Высокообразованный, вежливый и очень душевный, он не раз выказывал мне свое расположение. Однажды он сказал:

— У тебя есть свое маленькое королевство, и ты безраздельно властвуешь в нем.

Приятные воспоминания сохранились у меня и о гневном и пылком Леопольдо Муньоне, предтече знаменитых дирижеров-романтиков. Нередко, повинуясь его суровой дирижерской палочке, я пела, дрожа от страха, но он же давал певцам истинные и волнующие минуты радости. Незабываемый успех ждал всю нашу труппу в редкостной постановке «Севильского цирюльника» в лондонском «Ковент-Гарден». И больше всех, несмотря на всемирную славу, был взволнован маэстро Муньоне.
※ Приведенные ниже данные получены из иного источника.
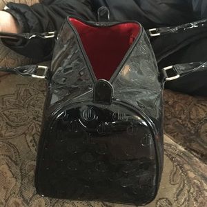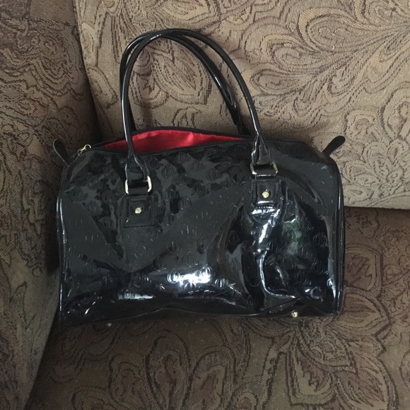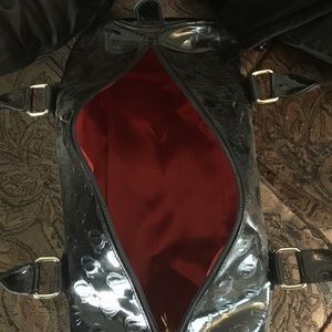 Black bag/ red lining. I used as a makeup bag. Could be used as regular purse
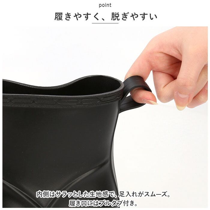・内側はサラッとした生地感で、足入れがスムーズ。履き口にはプルタブ付き。
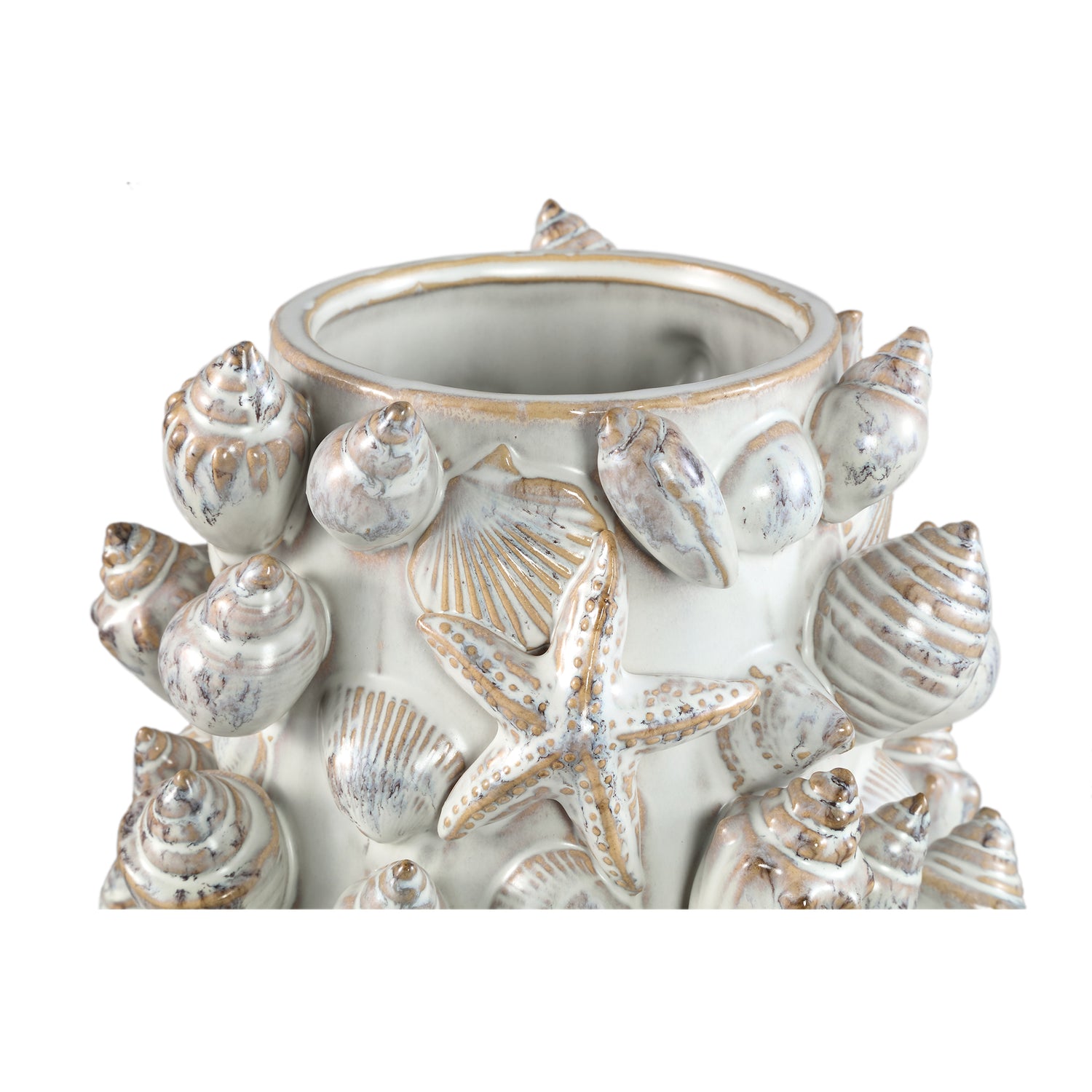 Prince Cream Ceramic Pot 3D Seashells Round HighXL

О Пьетро Масканьи я уже писала, рассказывая о начале своего артистического пути. Когда в римском театре «Костанци» ставили «Лодолетту», знаменитый композитор приехал послушать меня на одной из репетиций с концертмейстером.

Преодолев вполне объяснимый страх, я стала петь с обычным подъемом. Несмотря на свою несдержанность и резкость, Масканьи слушал меня тихо-тихо. В конце, видимо, глубоко растроганный, он потрепал меня по щеке и сказал:

— Моя Тотина, ты молодец. В твоем пении столько свежести и чистоты, что не сомневаюсь в успехе оперы и здесь, в Риме. Я писал «Лодолетту» всей душой. Вложи и ты в пение свою душу — и триумф обеспечен…

И в самом деле, успех можно было назвать триумфальным. Партия Лодолетты стала моей удачей, и после знаменитой палермской премьеры я пела ее во всех театрах мира. В 1939 году было решено показать «Лодолетту» в нескольких городах, причем дирижировать оперой пригласили самого Масканьи, уже старого, больного и чувствительного, как никогда прежде.